* Task data
┌──

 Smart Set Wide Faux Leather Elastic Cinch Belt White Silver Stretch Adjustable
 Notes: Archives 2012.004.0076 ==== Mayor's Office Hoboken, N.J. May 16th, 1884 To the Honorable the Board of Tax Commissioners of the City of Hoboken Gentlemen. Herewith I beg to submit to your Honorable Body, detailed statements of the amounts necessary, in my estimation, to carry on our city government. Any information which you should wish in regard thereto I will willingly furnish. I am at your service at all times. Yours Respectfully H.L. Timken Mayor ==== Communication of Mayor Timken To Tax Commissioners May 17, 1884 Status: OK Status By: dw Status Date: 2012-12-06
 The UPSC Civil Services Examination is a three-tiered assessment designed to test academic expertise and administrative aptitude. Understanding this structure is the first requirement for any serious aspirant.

└──
┌──

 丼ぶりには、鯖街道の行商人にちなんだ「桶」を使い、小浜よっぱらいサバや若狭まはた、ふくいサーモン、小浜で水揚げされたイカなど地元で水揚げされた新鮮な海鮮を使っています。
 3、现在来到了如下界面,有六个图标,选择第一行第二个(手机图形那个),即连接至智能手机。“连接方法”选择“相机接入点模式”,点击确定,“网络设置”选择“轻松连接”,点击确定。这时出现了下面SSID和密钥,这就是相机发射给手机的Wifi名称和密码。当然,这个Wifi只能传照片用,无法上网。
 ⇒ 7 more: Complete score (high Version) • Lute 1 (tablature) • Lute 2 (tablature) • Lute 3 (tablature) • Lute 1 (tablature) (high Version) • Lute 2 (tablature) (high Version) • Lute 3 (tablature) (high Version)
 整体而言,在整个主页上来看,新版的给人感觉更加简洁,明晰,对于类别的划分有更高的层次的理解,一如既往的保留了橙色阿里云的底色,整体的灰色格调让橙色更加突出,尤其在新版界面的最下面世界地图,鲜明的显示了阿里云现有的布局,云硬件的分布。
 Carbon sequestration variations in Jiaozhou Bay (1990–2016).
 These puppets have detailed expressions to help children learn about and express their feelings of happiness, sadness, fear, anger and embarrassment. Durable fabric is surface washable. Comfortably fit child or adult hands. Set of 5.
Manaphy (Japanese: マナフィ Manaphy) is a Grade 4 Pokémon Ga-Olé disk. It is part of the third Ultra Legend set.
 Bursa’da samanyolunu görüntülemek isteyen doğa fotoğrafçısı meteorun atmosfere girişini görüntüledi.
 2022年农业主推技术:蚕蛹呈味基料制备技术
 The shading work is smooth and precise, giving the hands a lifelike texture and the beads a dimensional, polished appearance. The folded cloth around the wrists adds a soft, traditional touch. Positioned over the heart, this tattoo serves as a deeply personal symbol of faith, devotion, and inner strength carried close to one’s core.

└──

* Exercise objective
Return exactly, and only, the lines above starting at the line that contains "Carbon sequestration variations" and ending at the line that contains "Manaphy (Japanese: マナフィ".

* Output for this exercise
 Carbon sequestration variations in Jiaozhou Bay (1990–2016).
 These puppets have detailed expressions to help children learn about and express their feelings of happiness, sadness, fear, anger and embarrassment. Durable fabric is surface washable. Comfortably fit child or adult hands. Set of 5.
Manaphy (Japanese: マナフィ Manaphy) is a Grade 4 Pokémon Ga-Olé disk. It is part of the third Ultra Legend set.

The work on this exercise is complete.